Improving Machine Reading Comprehension with Single-choice Decision and Transfer Learning

通过单项选择决策和迁移学习提升机器阅读理解能力

Abstract

摘要

Multi-choice Machine Reading Comprehension (MMRC) aims to select the correct answer from a set of options based on a given passage and question.
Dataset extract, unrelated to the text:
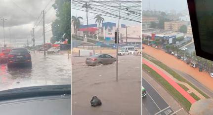 Com a chuva e ventania fortes de ontem (17), diferentes pontos de Cuiabá registraram alagamentos e diminuição no fluxo...

Due to task specific of MMRC, it is non-trivial to transfer knowledge from other MRC tasks such as SQuAD, Dream. In this paper, we simply reconstruct multi-choice to single-choice by training a binary classification to distinguish whether a certain answer is correct. Then select the option with the highest confidence score. We construct our model upon ALBERT-xxlarge model and estimate it on the RACE dataset. During training, We adopt AutoML strategy to tune better parameters. Experimental results show that the single-choice is better than multi-choice. In addition, by transferring knowledge from other kinds of MRC tasks, our model achieves a new state-of-the-art results in both single and ensemble settings.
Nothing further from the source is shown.